While the Messiah tarries and COVID-19
spreads we pay pre-Yom Kippur lip-service to introspection and repentance.
Alas, the morbidity and mortality
numbers two weeks hence are likely to reveal the truth about our natures.
Great piece! Grand Ideas. Got me thinking…
ReplyDeleteThe conception of human nature as Homo Homini Lupus could very well be our baseline condition, which really comes to the fore during a pandemic, but I wonder how that is tempered, or exacerbated in particular political systems and climates.
Some countries – South Korea, Taiwan, Australia, Canada, Germany, Argentina, to name a few – have done really well to contain the virus. People and politicians in those countries appear to be acting in unison with public health directives.

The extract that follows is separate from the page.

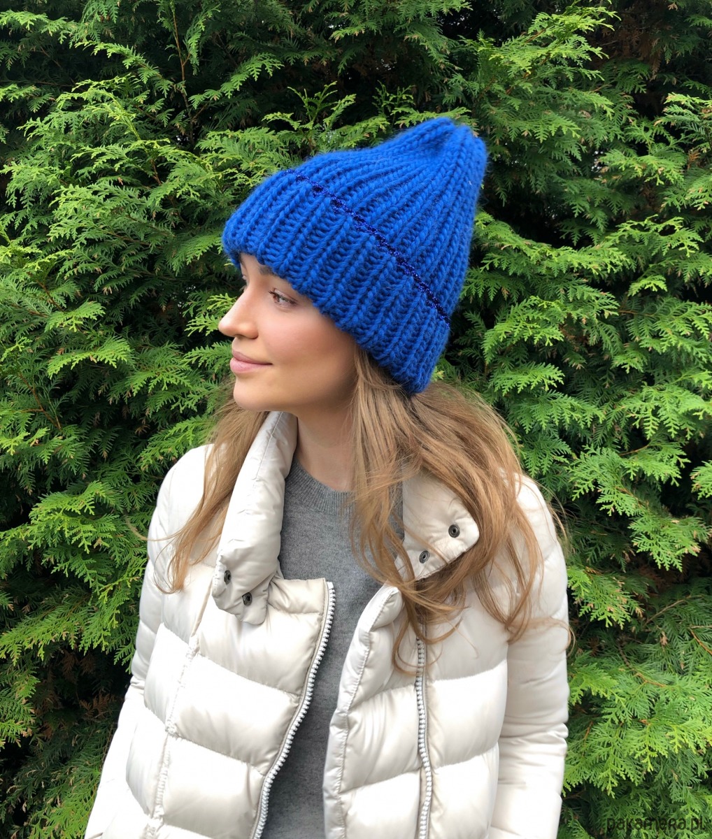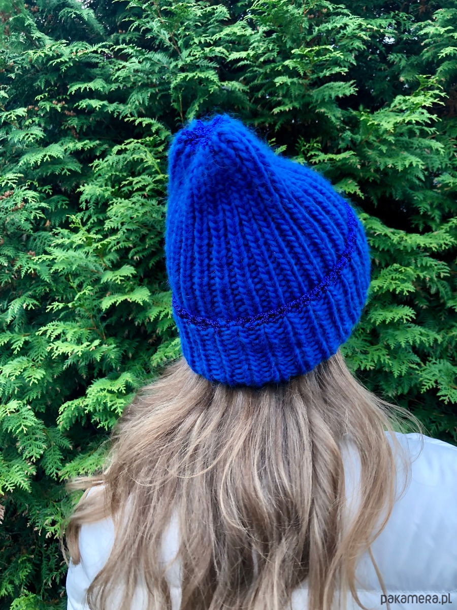 Wełniana czapka z dodatkiem błyszczącej nitki handmade ręczna robota kobalt

Could it be that Israel’s current brand of fierce political polarization and, as you say, politicians acting on political calculations (not public health ones), coupled with an Israeli modus operandi of anti-freierism (willingness to flout the rules, lest you become a sucker) has made everything much worse here?
And ditto, or something similar, for the U.S.?
Not too long ago, it seems to me, Israelis seemed much more willing to put political differences aside when confronting a common threat. Israel’s survival in a precarious neighborhood required a level of consensus-building not common to other countries.
But that consensus has broken down, and only very recently, or so it seems to me. Political tribalism, of the kind strikingly similar to that of the U.S., has become ascendant. What caused this sudden rift?